CS35: Edge and spectrum of heterogeneous ensembles
date: 7/14/2025, time: 16:00-17:30, room: IM WS
Organizer: Arijit Chakrabarty (Indian Statistical Institute)
Chair: Dipankar Bandyopadhyay (Virginia Commonwealth University)
Free denoising
Kamil Szpojankowski (Warsaw University of Technology)
We study the free analogue of the classical statistical denoising problem. Let \(a\) and \(b\) be free selfadjoint noncommutative random variables in a tracial \(W^*\)-probability space, where \(a\) represents the signal and \(b\) the noise. Our goal is to compute the conditional expectation of \(a\) (or more generally \(f(a)\)) given \(a+b\). To do this, we introduce a coupling between the distributions of \(a\) and \(a+b\) and show that it is absolutely continuous with respect to the product measure of the marginal distributions. A similar approach applies to the multiplicative case. More generally, we consider the conditional expectation of \(a\) given \(P(a,b)\), for any noncommutative polynomial \(P\), and show that it can be addressed using the c-freeness framework of Bożejko, Leinert, and Speicher. We conclude with applications of our results to matrix denoising.
Bibliography
\([1]\) M. Fevrier, A. Nica, K. Szpojankowski. (2024). Free denoising via overlap measures and c-freeness techniques. arXiv.org:2412.20792.
Geostatistical modeling of positive definite matrices, with an application to diffusion tensor imaging
Dipankar Bandyopadhyay (Virginia Commonwealth University)
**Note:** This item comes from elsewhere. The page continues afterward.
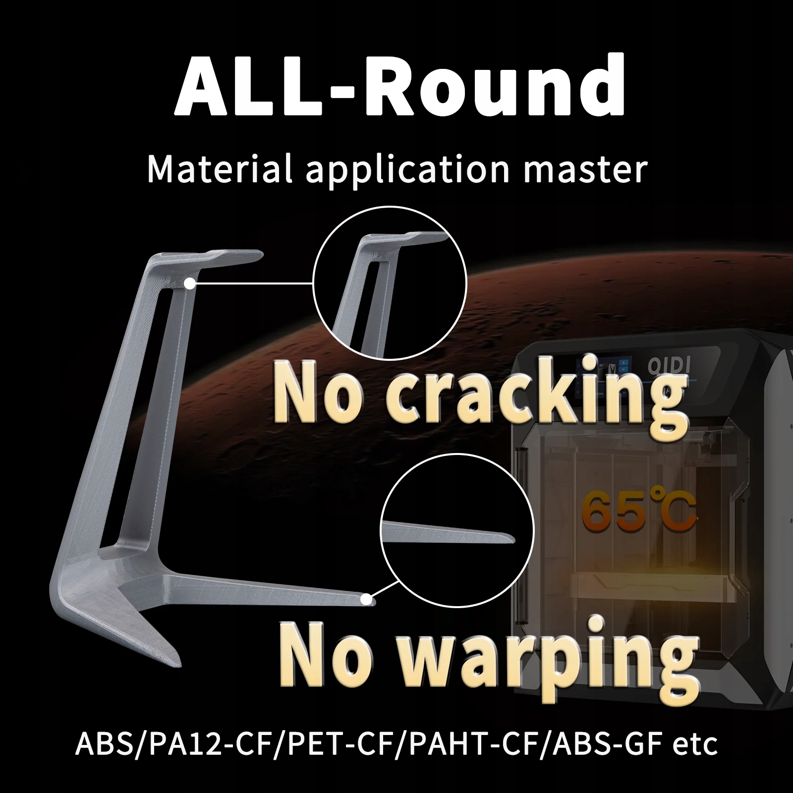 Чем выше температура в обогреваемой камере, тем больший диапазон материалов можно напечатать. Нагретая камера обеспечивает равномерное изготовление деталей без внутренних напряжений.
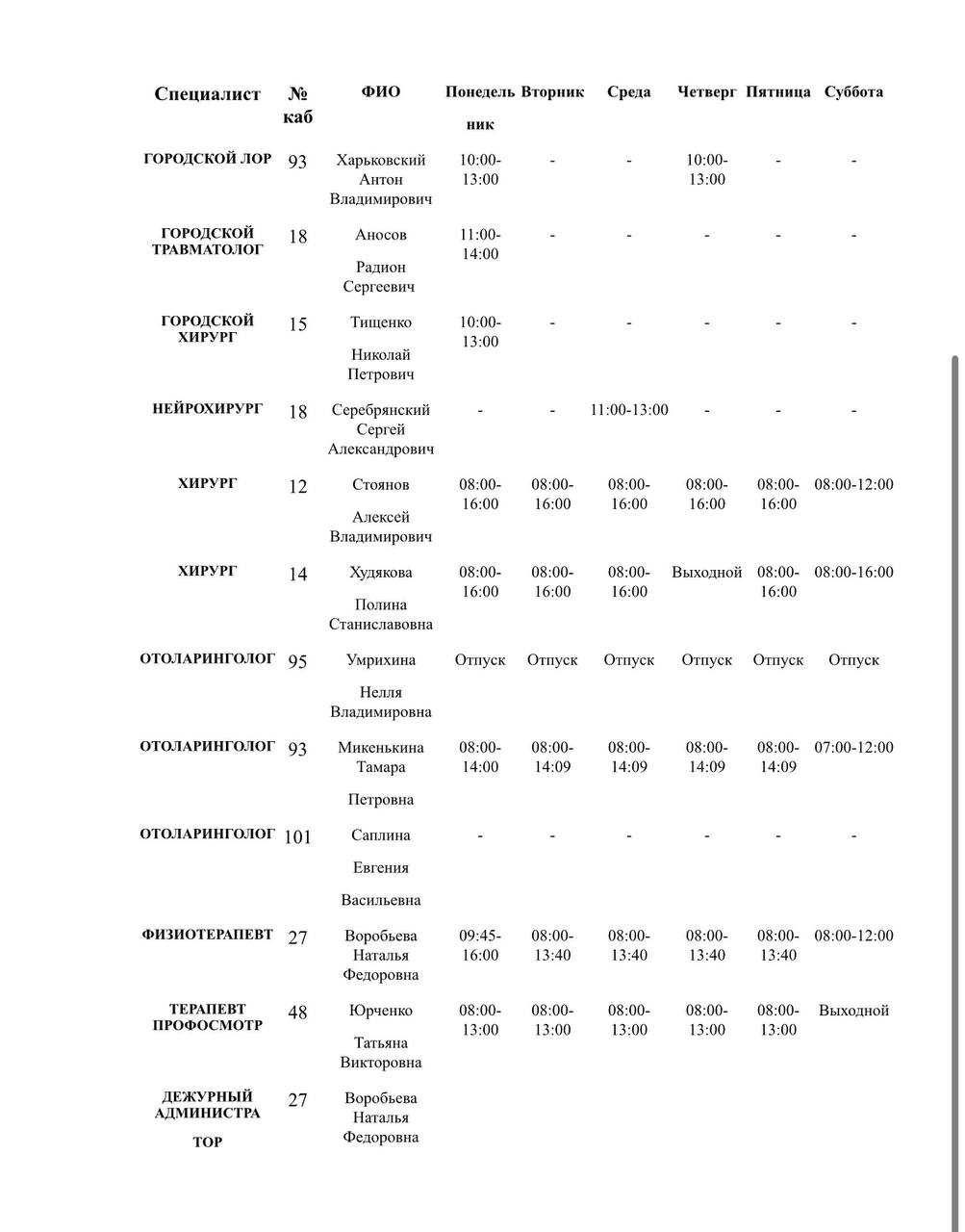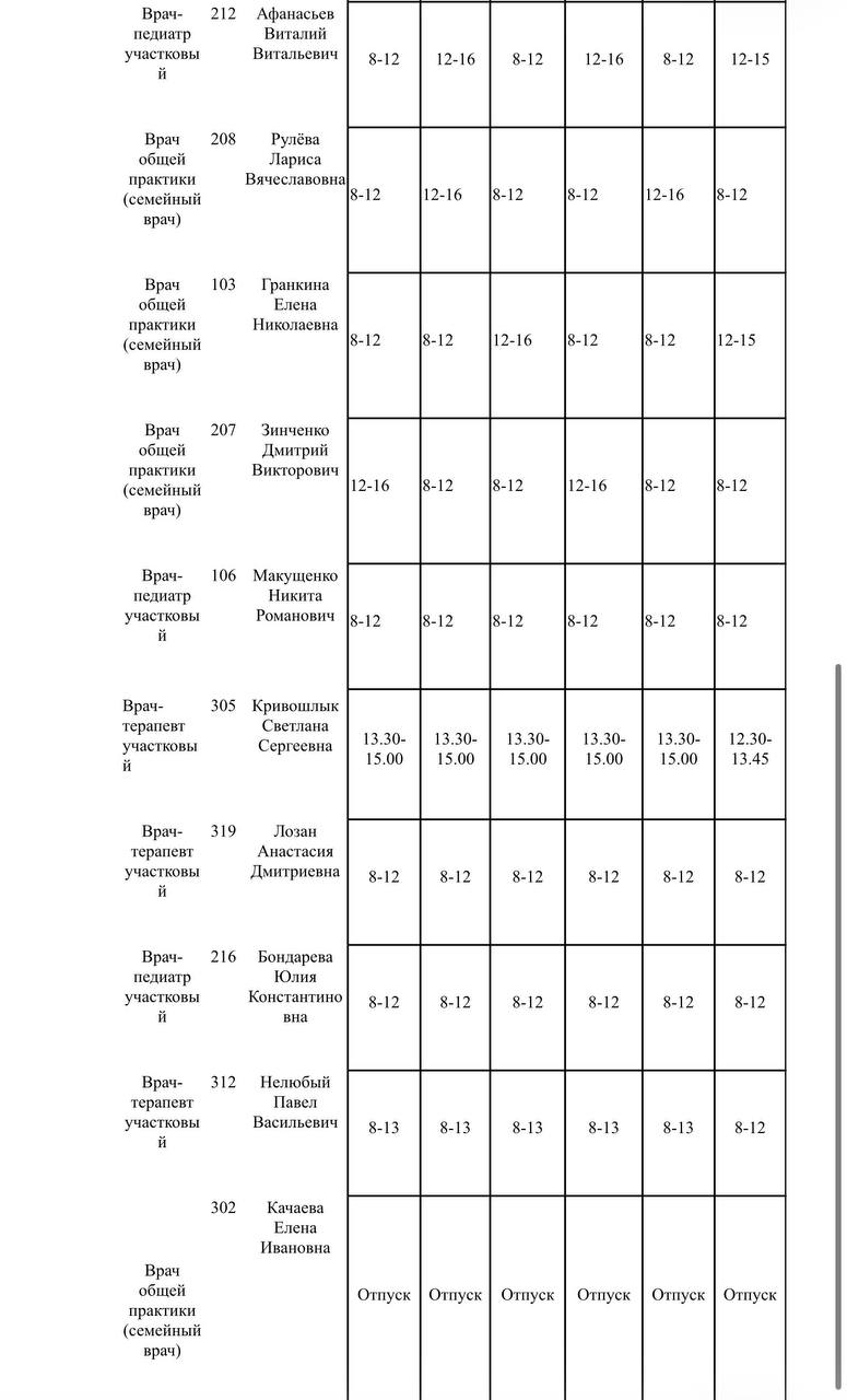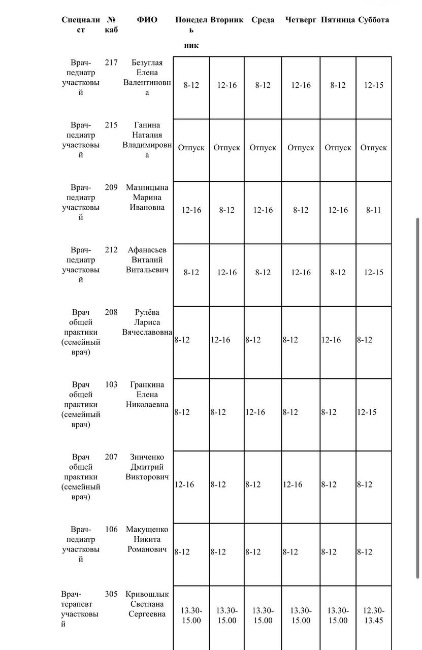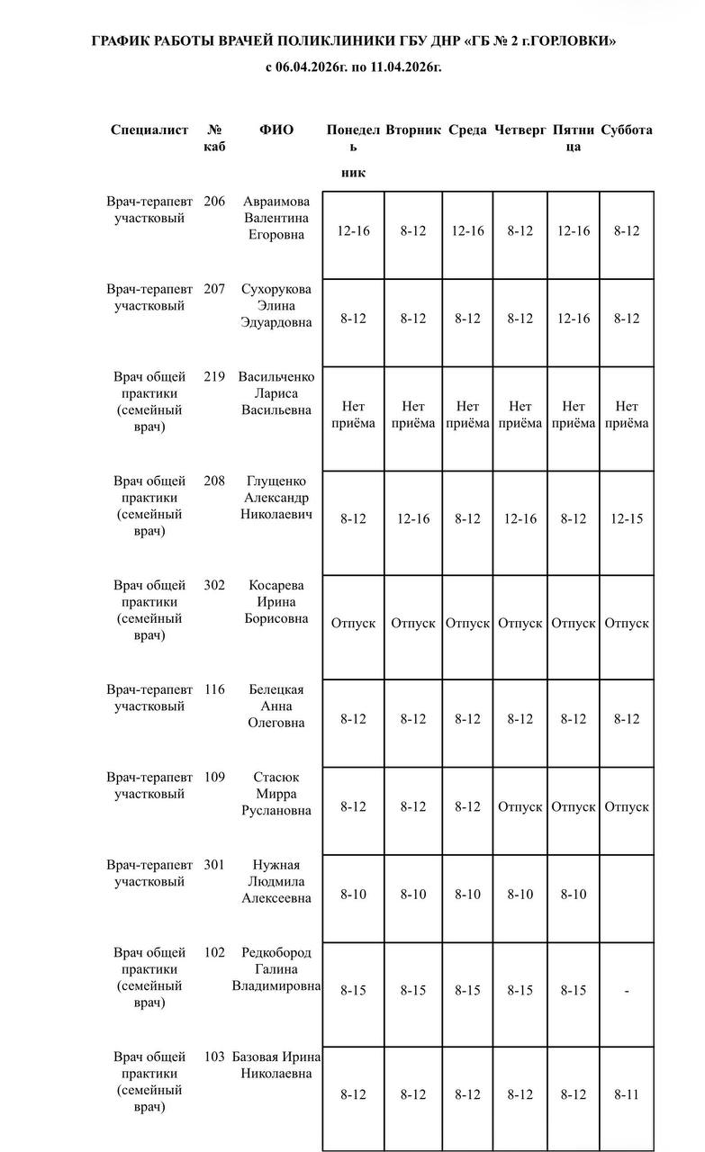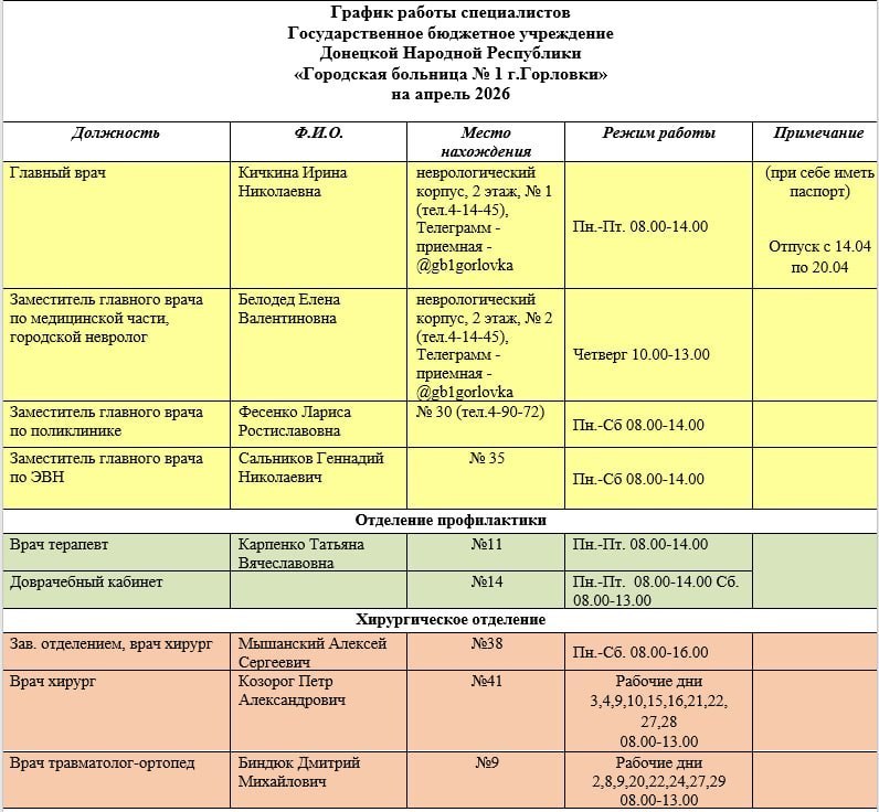 Иван Приходько: График работы специалистов ГБУ ДНР «Городская больница № 1 г. Горловки», ГБУ ДНР «Городская больница № 2 г. Горловки»

Geostatistical modeling for continuous point-referenced data has been extensively applied to neuroimaging, because it produces efficient and valid statistical inference. However, diffusion tensor imaging (DTI), a neuroimaging characterizing the brain’s anatomical structure, produces voxel-level positive definite (p.d) matrices. Current geostatistical modeling has not been extended to p.d matrices as introducing spatial dependence among positive definite matrices properly is non-trivial. In this paper, we use the spatial Wishart process, a spatial stochastic process (random field), where each p.d matrix-variate response marginally follows a Wishart distribution, and the spatial dependence is induced by latent Gaussian processes. This process is valid on an uncountable collection of spatial locations and is almost surely continuous, leading to a flexible way of modeling spatial dependence. Motivated by a DTI dataset of cocaine users, we propose a spatial matrix-variate regression model based on the spatial Wishart Process (sWP). However, a shortcoming of the sWP is the lack of a closed-form density function. Hence, we propose some approximations to obtain a feasible Cholesky decomposition model, and show that the Cholesky decomposition model is asymptotically equivalent to the sWP model. A local likelihood approximation technique is employed to achieve fast computation. Simulation studies and application to the motivating DTI data demonstrate that the Cholesky decomposition process model produces reliable inference, and improved performance, compared to existing alternatives.